Emil Faktor (born 31 August 1876 in Prague, Austro-Hungary) was a German language theater critic, editor and writer.   Sources sometimes identify him as "Jussuf" which was the pseudonym under which his regular contributions to the Berliner Börsen-Courier (newspaper) appeared.

Biography 
Faktor was the son of German Jews. He studied law in his home city and received a doctorate of law degree in 1904.  He also worked as an editor and critic for Bohemia magazine. In 1908 he moved from Prague to Berlin, where he wrote for the illustrated daily newspaper Der Tag. From 1912 he was responsible the "Feuilleton" section along with theater and music editorship at the Berliner Börsen-Courier (literally, "Berlin Stock Exchange Courier"), for which he became editor-in-chief in 1917. In the following years, he became one of the city's best-known theater critics.

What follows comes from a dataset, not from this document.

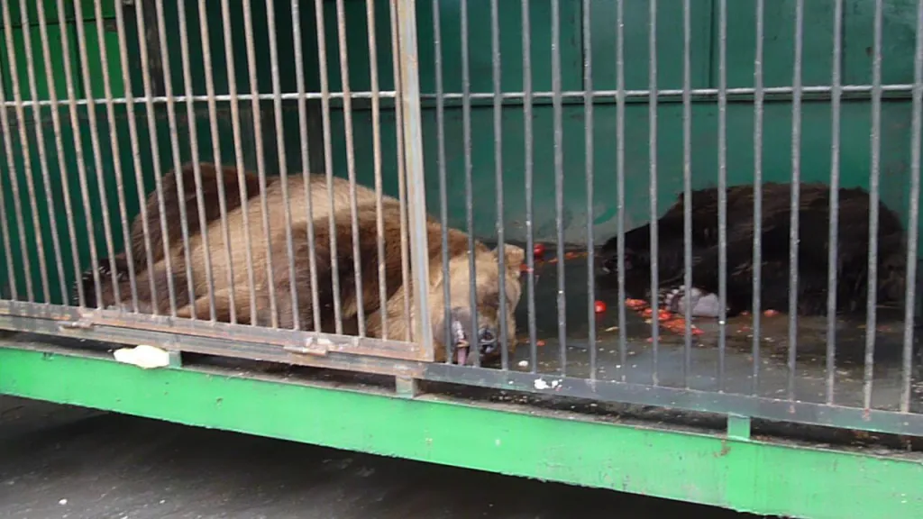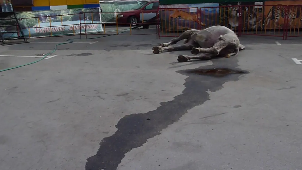 На днях местные зоозащитники проверили этот передвижной зверинец и обнаружили медведя, лежащего в собственных испражнениях, полумертвого верблюда, слепого леопарда. Все звери и птицы томятся в тесных клетках, изнывают от жары и питаются чем попало. Об этом написали десятки крупных федеральных изданий.

Emil Faktor married Sophie Sack around 1913.   Their children Richard and Lili were born in 1914 and 1917 during the war years.   Fourteen years younger than her husband, Sophie Sack was a talented concert pianist whose teachers had included Artur Schnabel.   As was so often the case at that time, she married just as her professional career was beginning to take off, and domestic duties now took precedence.

In addition to his journalistic work, Faktor also wrote poetry and plays. Among others, he published poetry books What I Seek (1899) and Jahresringe (1908), and comedies The Temperate (1914) and The Daughter (1917).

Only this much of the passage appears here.